National Bank of Hungary delivered the expected 15 bp rate hike yesterday, bringing the base rate to 1.80%. The NBH’s hawkish credentials are well established as one of the first EM central banks to start tightening. The statement repeated most of their concerns including the risk of inflation becoming unanchored, suggesting that rates will continue rising at a 15 bp clip at least until the new inflation projections are out in December. Next policy meeting is November 16 and another 15 bp hike to 1.95% is expected.


Japan reported September trade data. Exports rose 13.0% y/y vs. 10.5% expected and 26.2% in August, while imports rose 38.6% y/y vs. 34.6% expected and 44.7% in August. This resulted in an adjusted deficit of -JPY624.8 bln and was the fourth straight month in the red. Yet Japan continues to run current account surpluses due to the strength of its overseas investment income. Export growth was the slowest since February and reflects in large part the global supply chain issues. The weaker yen should help competitiveness but the regional slowdown in trade and activity bears watching. Meanwhile, higher energy costs boosted imports.

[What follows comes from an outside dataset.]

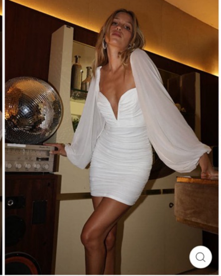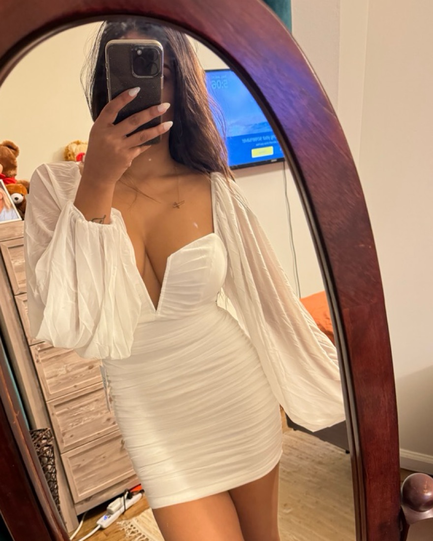 Brand New✨ Fits 4,6 best. This dress makes me feel like a goddess! Dry cleaning price is included, the sleeve material is very delicate please be careful 🫶🏽

The PBOC left its Loan Prime Rates unchanged as expected. The 1-year remained at 3.85% and the 5-year at 4.65%. The next step in monetary policy will likely come in the form of another reserve requirement rate cut, likely to the tune of 50 bp. That said, we don’t policymakers are in a huge hurry as local markets look a lot more stable at moment having digested the Evergrande fallout. Indeed, the Finance Ministry successfully issued a series of dollar-denominated bonds yesterday, with orders reaching nearly 6X the offer size. The yuan has resumed depreciating against the dollar after touching the strongest level since June yesterday. PBOC pushed back with an unusually weak fixing yesterday (-0.3% to RMB6.4069). Recent yuan gains have largely reflected strength in wider EM FX, but the strong dollar should eventually reassert itself. We think authorities desire a softer yuan for an extra boost to the economy.


Yesterday’s launch of the Bitcoin futures ETF marked an important milestone for the industry. The ProShares BITO ETF saw more than 24 mln shares traded with turnover of almost $1 bln, the second most heavily traded fund on record, according to Bloomberg. This will be an inefficient product in many ways, not only because of its nearly 1% expense ratio but because the typical contango of the Bitcoin futures curve will make the roll costly (though this could reverse during periods of backwardation). Still, BITO will provide retail investors with a convenient wrapper to gain crypto exposure and, perhaps more importantly, it greatly reduces the odds of more draconian regulation against the sector. In fact, the natural progression would be for the SEC to approve a spot ETF at some point – though this is far from assured. Bitcoin and Ethereum are both trading near all-time highs.